The update procedure was so unstable that I had to add a decay factor to the training rate and stop training if the accuracy keeps decreasing. One reason could be becuase I’m not using Adam.

Another reason could be that the pameters and the updates oscillate around 0, which is why even between consecutive epochs, there is a huge drop in accuracy - because even though the parameter update was small, it crossed over to the other side of 0 and that changed a lot of binarized weights.

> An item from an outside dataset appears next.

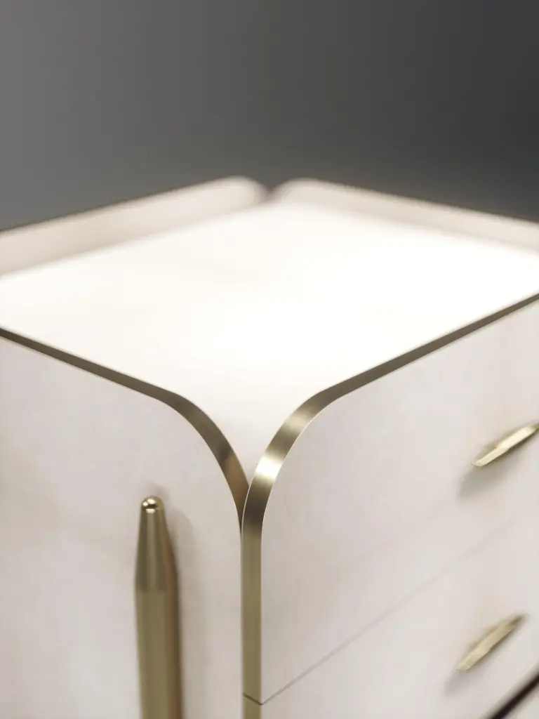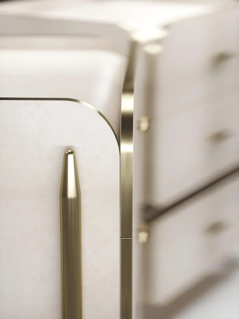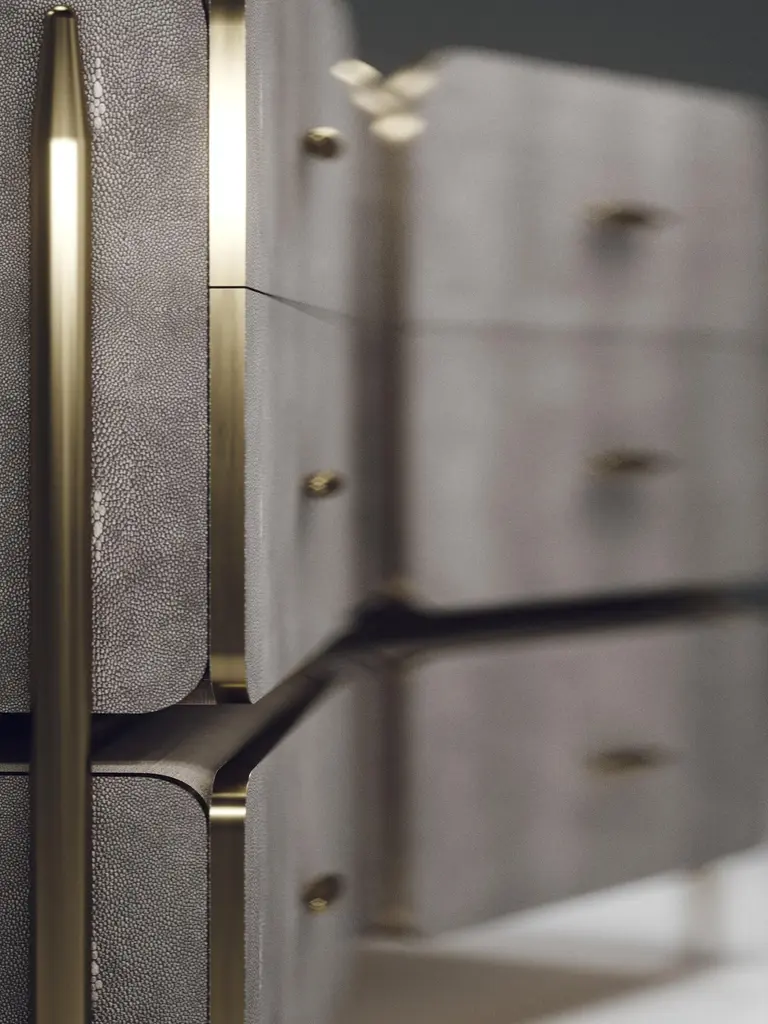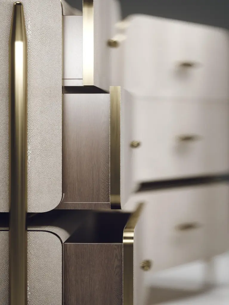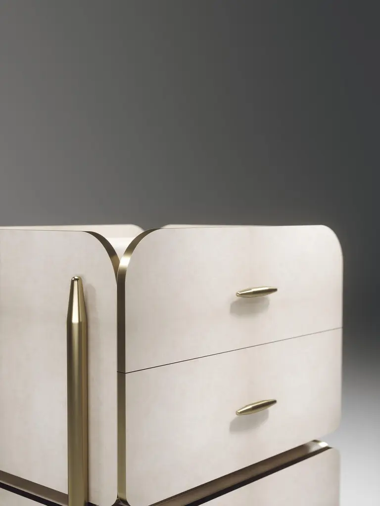 The Paris based label has distinguished themselves since their launch, with their iconic use of shagreen mixed with brass and other exotic materials. All furniture is handcrafted by skilled artisans, ultimately making each piece unique, designed in Paris and produced in the Philippines.The Dandy square bedside table by Kifu Paris is an elegant and a luxurious home accent, inlaid in cream parchment with bronze-patina brass details. This piece includes 3 drawers total and the interiors are inlaid in gemelina wood veneer. Available in shagreen and as a round version; see images at end of slide. This piece is designed by Kifu Augousti, the daughter of Ria and Yiouri Augousti. Custom sizing/finishing available on request.All shagreen pieces are hand-dyed by artisans.The dimensions of this piece are 50 x 45 x 62.7 cmAll Kifu Paris pieces are handmade by artisans, ultimately making each piece unique. Custom color or sizing available on request. Wipe clean with soft dry cloth.Although inspired by her parents, her collection of home accessories and furniture is a distinct identity of its own. Kifu uses handmade techniques of elaborate inlay patterns of shagreen, shells, semi-precious stones, materials she experienced as a child growing up in her parent’s studio, but interpreted in a younger quirkier way reflecting her youth. From her "jewelry inspired knobs" on decorative boxes, gold bar boxes and an extravagant inlay pattern mix of shagreen and shell inspired by galactic constellations, as seen on her enormous round mirror is refreshing to see. Kifu embodies whimsical elements throughout her collection and is not afraid to be daring and unexpected in her approach to design.All shagreen-covered items should be kept out of direct sunlight, color variants may occur on the stingray and other exotic finishes, but this showcases the Parisian label's commitment to creating authentic luxurious products using natural components.For all pieces inlaid with stone and semi-precious stones, due to the natural quality of the material color tonality and pattern placement may differ slightly per piece.

To veryfy this, I tracked the weights and biases at every step. I noticed that between step 97 and 98, the accuracy drop from 0.60 to 0.55 . The l1norm between the two epoch weights is just 7.68 . That’s the difference between 7840 values. Plotting a heat map of the difference might shows that the changes were very close to 0. Alltogether, there were 31 flips in the signs, meaning that for 31 inputs, the signal just reveresed, and that might have contributed to the drastic drop in accuracy.

Heatmap of the differences in weights b/w iters 97 and 98.

Where’s the code?

The code for the tutorial is in scratch.ipynb. You can refer to the complete post at https://nbviewer.jupyter.org/github/priyamtejaswin/simple-binary-connect/blob/master/tutorial.ipynb. I highly recommend that you view it on through the link or fire up a Jupyter server and then view it on your local system - it has a lot of Mathjax and the Github rendering is just awful.

What do I need to run this?

numpy==1.14.0
matplotlib==2.1.0
seaborn==0.8
tensorflow==1.5.0 # (Only for MNIST data download and loading!)

tensorflow is only required for downloading and prepping the MNIST data. It contains 55,000 training and 10,000 testing samples with utilities for iterating over the data in batches. It will save you a lot time.